• What is being asked: Look through the data below and output, unchanged, every line from the one holding "일러스트레이션을 저장하여 화면에서" through the one holding "사진 속 화사는 수영복을", inclusive. Skip the pictures.

• Supplied entries:
----------
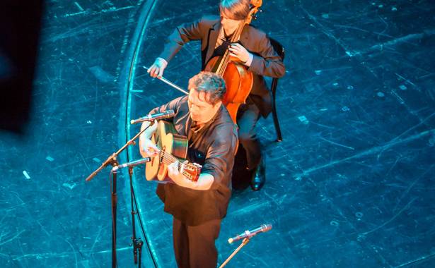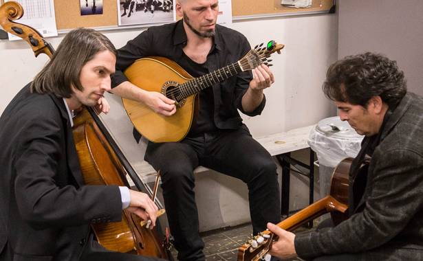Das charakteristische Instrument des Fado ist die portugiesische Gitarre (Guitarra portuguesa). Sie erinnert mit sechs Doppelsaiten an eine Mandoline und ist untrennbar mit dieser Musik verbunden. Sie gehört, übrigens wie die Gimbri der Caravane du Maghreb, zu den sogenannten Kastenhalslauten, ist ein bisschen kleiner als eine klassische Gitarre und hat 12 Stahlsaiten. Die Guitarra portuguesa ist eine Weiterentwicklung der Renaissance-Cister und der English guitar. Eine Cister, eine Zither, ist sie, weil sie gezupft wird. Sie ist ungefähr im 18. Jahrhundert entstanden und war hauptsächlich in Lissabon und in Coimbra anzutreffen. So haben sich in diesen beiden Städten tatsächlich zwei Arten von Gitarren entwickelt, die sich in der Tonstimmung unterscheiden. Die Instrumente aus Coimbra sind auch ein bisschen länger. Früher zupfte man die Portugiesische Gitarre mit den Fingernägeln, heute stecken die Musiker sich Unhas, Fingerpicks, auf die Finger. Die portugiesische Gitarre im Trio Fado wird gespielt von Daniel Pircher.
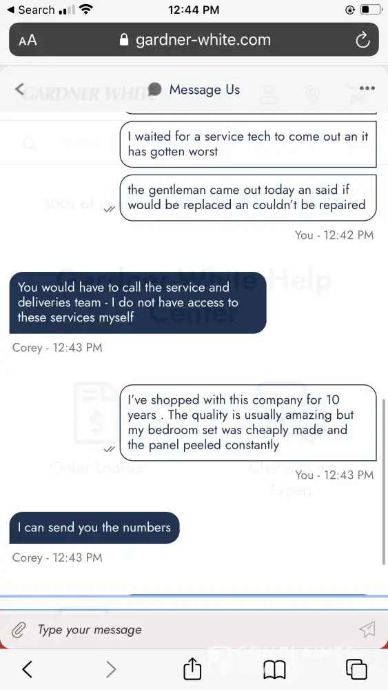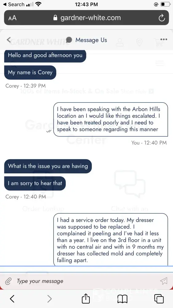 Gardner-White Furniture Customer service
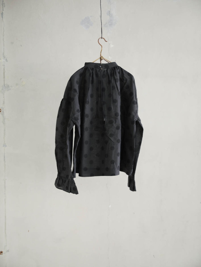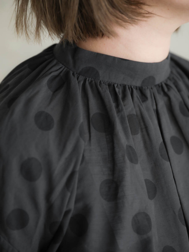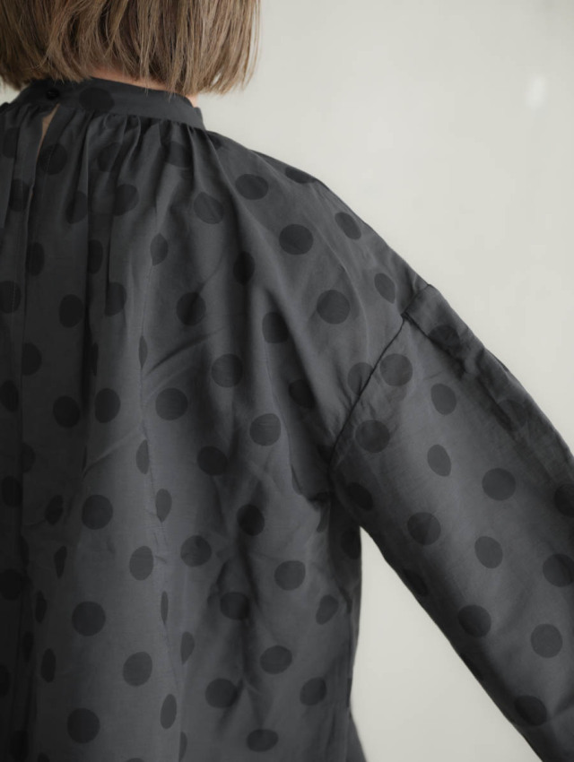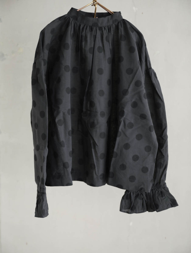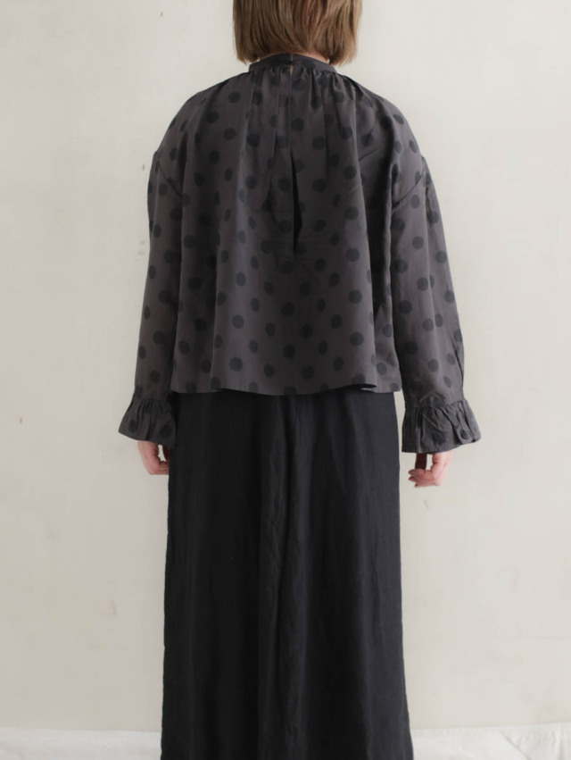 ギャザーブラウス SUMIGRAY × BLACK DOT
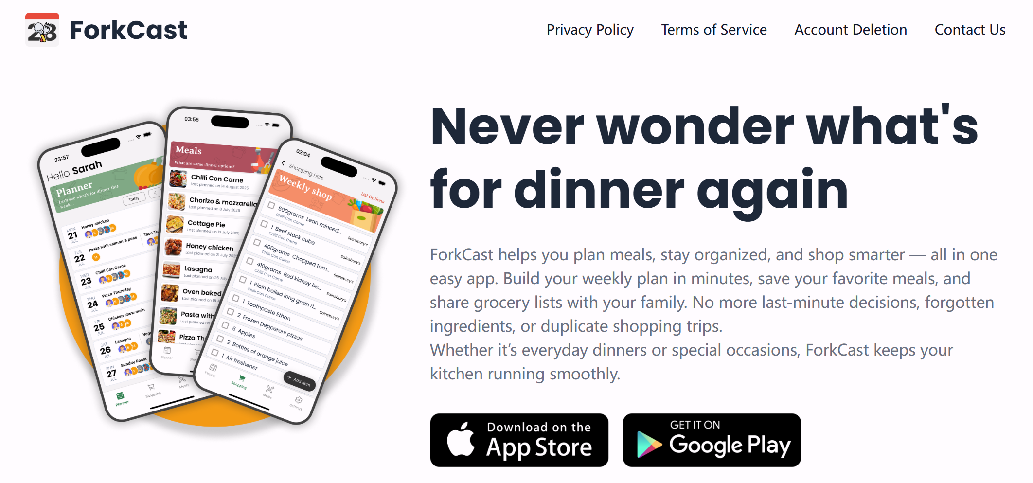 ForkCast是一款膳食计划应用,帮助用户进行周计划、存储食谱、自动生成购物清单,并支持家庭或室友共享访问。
----------
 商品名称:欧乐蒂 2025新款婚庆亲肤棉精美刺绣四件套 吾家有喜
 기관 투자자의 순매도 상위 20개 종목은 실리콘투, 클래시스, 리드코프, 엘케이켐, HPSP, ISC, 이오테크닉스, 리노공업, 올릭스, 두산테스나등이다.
----------
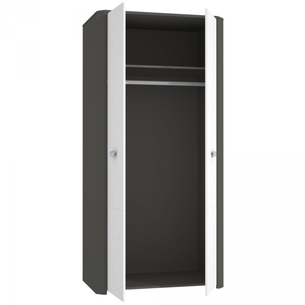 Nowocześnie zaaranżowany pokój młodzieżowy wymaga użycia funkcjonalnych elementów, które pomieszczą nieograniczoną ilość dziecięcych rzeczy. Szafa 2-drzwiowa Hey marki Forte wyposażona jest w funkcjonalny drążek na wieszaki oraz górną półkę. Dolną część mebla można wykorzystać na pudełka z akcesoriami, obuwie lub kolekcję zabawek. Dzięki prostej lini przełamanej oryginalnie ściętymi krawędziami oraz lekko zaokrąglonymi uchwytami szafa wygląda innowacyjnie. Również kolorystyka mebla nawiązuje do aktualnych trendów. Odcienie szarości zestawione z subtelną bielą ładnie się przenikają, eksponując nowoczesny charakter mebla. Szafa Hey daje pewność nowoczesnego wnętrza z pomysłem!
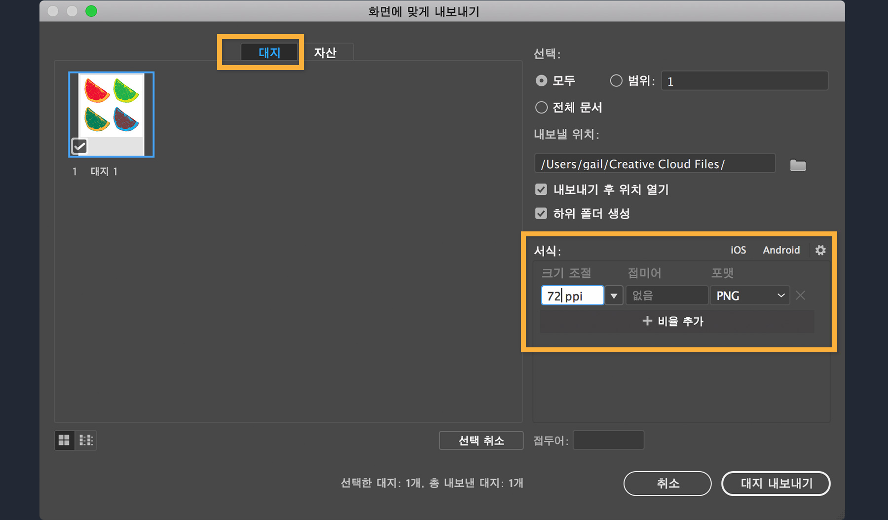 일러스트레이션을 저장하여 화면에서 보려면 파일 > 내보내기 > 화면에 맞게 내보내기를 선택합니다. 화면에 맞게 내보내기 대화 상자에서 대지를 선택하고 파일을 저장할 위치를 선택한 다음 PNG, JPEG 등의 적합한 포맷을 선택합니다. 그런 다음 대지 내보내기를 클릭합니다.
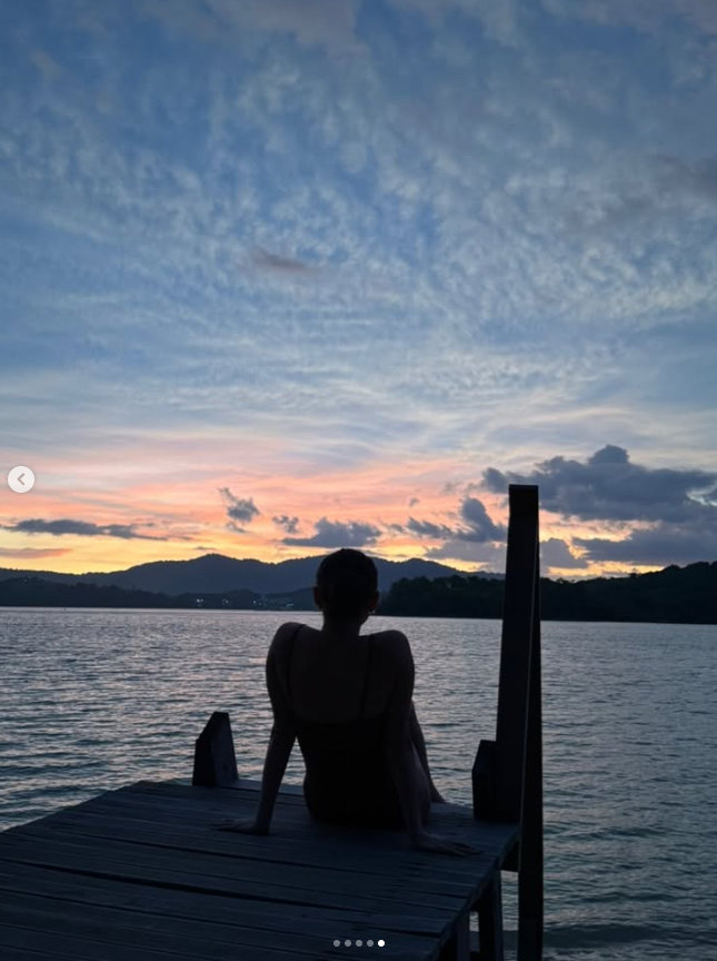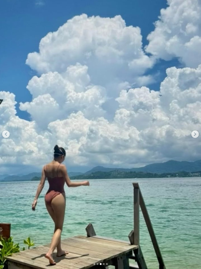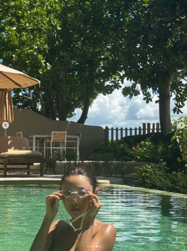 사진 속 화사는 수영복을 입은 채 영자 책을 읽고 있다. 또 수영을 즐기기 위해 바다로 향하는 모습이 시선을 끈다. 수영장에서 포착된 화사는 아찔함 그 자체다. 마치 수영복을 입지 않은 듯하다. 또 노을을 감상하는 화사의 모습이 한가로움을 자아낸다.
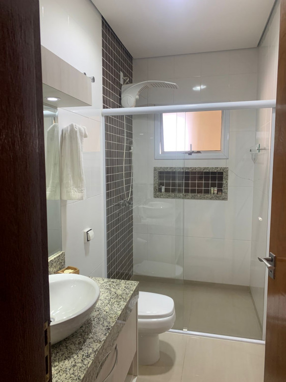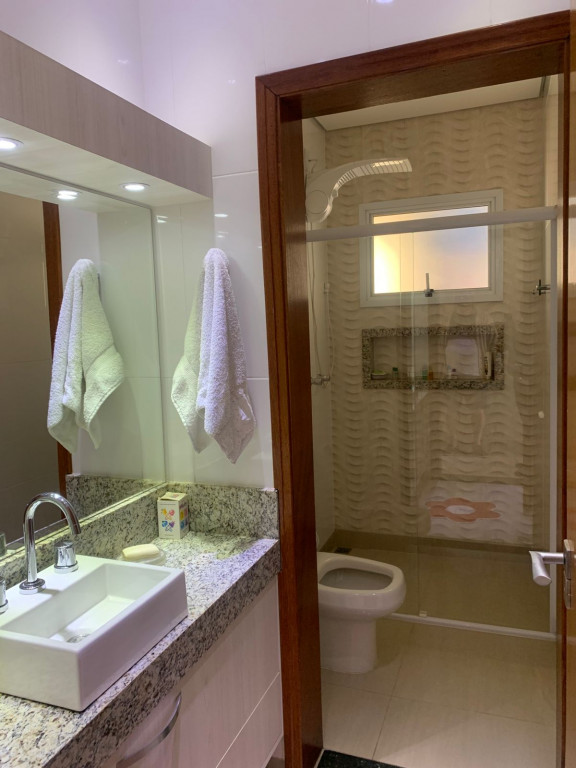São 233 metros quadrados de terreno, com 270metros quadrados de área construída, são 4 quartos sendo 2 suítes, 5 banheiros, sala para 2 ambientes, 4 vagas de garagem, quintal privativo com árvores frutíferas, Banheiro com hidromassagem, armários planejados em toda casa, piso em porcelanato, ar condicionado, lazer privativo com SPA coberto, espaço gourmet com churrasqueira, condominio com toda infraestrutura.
----------
• Response to this task:
 일러스트레이션을 저장하여 화면에서 보려면 파일 > 내보내기 > 화면에 맞게 내보내기를 선택합니다. 화면에 맞게 내보내기 대화 상자에서 대지를 선택하고 파일을 저장할 위치를 선택한 다음 PNG, JPEG 등의 적합한 포맷을 선택합니다. 그런 다음 대지 내보내기를 클릭합니다.
 사진 속 화사는 수영복을 입은 채 영자 책을 읽고 있다. 또 수영을 즐기기 위해 바다로 향하는 모습이 시선을 끈다. 수영장에서 포착된 화사는 아찔함 그 자체다. 마치 수영복을 입지 않은 듯하다. 또 노을을 감상하는 화사의 모습이 한가로움을 자아낸다.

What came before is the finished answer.